KoNLPy: Korean NLP in Python

Build status Documentation Status

KoNLPy (pronounced “ko en el PIE”) is a Python package for natural language processing (NLP) of the Korean language. For installation directions, see here.

>>> from konlpy.tag import Kkma
>>> from konlpy.utils import pprint
>>> kkma = Kkma()
>>> pprint(kkma.sentences(u'네, 안녕하세요. 반갑습니다.'))
[네, 안녕하세요..,
 반갑습니다.]
>>> pprint(kkma.nouns(u'질문이나 건의사항은 깃헙 이슈 트래커에 남겨주세요.'))
[질문,
 건의,
 건의사항,
 사항,
 깃헙,
 이슈,
 트래커]
>>> pprint(kkma.pos(u'오류보고는 실행환경, 에러메세지와함께 설명을 최대한상세히!^^')
[(오류, NNG),
 (보고, NNG),
 (는, JX),
 (실행, NNG),
 (환경, NNG),
 (,, SP),
 (에러, NNG),
 (메세지, NNG),
 (와, JKM),
 (함께, MAG),
 (설명, NNG),
 (을, JKO),
 (최대한, NNG),
 (상세히, MAG),
 (!, SF),
 (^^, EMO)]

For more on how to use KoNLPy, go see the API.

Standing on the shoulders of giants

Korean, the 13th most widely spoken language in the world, is a beautiful, yet complex language. Myriad Korean morpheme analyzer tools were built by numerous researchers, to computationally extract meaningful features from the labyrinthine text.

KoNLPy is not just to create another, but to unify and build upon their shoulders, and see one step further. It is built particularly in the Python (programming) language, not only because of the language’s simplicity and elegance, but also the powerful string processing modules and applicability to various tasks - including crawling, Web programming, and data analysis.

The three main philosophies of this project are:

Please report when you think any have gone stale.

Contribute

KoNLPy isn’t perfect, but it will continuously evolve and you are invited to participate!

Found a bug? Have a good idea for improving KoNLPy? Visit the KoNLPy GitHub page and suggest an idea or make a pull request.

You are also welcome to join the #koreannlp channel at the Ozinger IRC Network, and the mailing list.
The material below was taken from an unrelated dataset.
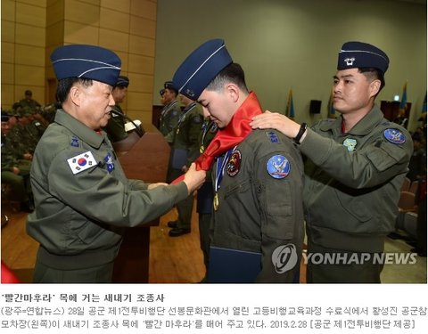 (사진 설명) (광주=연합뉴스) 28일 공군 제1전투비행단 선봉문화관에서 열린 고등비행교육과정 수료식에서 황성진 공군참모차장(왼쪽)이 새내기 조종사 목에 '빨간 마후라'를 매어 주고 있다. 2019.2.28 <공군 제1전투비행단 제공>

The IRC channel is more focused on development discussions and the mailing list is a better place to ask questions, but nobody stops you from going the other way around.

Please note that asking questions through these channels is also a great contribution, because it give the community feedback as well as ideas. Don’t hesitate to ask.

User guide

Installation

Linux/Mac OS

$ pip install JPype1
$ pip install konlpy
$ bash <(curl -s https://raw.githubusercontent.com/e9t/konlpy/master/scripts/mecab.sh) # (Optional) Install MeCab

Windows

  1. Download and install jpype [1]
  2. From the command prompt, install KoNLPy.
C:\> pip install konlpy
  1. (Optional) Download, extract [2], and install the most recent version of MeCab from the following links:

[1]win-amd64 for 64-bit Windows, win32 for 32-bit Windows.
[2]Having MinGW/MSYS or Cygwin installed may be more convenient. Otherwise, you can use 7zip for the extraction of tar files.
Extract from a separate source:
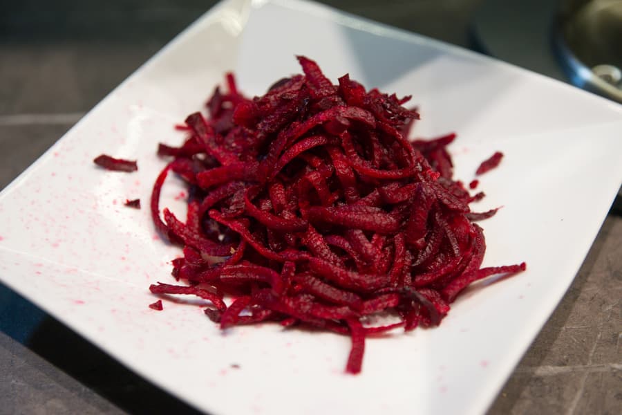 В этом тесте комбайн работал на пятой, рекомендуемой для овощерезки скорости. Начали со свеклы. Небольшие корнеплоды пришлось нарезать на две, а некоторые — на четыре части. Сначала мы опробовали крупную терку. Машина легко измельчила твердые овощи и выдала ювелирную стружку. 100 г были обработаны за 30 секунд.

Morphological analysis and POS tagging

Morphological analysis is the identification of the structure of morphemes and other linguistic units, such as root words, affixes, or parts of speech.

POS (part-of-speech) tagging is the process of marking up morphemes in a phrase, based on their definitions and contexts. For example.:

가방에 들어가신다 -> 가방/NNG + 에/JKM + 들어가/VV + 시/EPH + ㄴ다/EFN

Tagging with KoNLPy

In KoNLPy, there are several different options you can choose for POS tagging. All have the same input-output structure; the input is a phrase, and the output is a list of tagged morphemes.

For detailed usage instructions see the tag Package.

Comparison between tagging classes

Now, we do time and performation analysis for executing the pos method for each of the classes in the tag Package.

Time analysis [1]

  1. Loading time: Class loading time, including dictionary loads. [2]

  2. Execution time: Time for executing the pos method for each class, with 100K characters. [3]

    If we test among a various number of characters, all classes’ execution times increase in an exponential manner. [4]

    _images/time.png

Performance analysis

The performance evaluation is replaced with result comparisons for several sample sentences.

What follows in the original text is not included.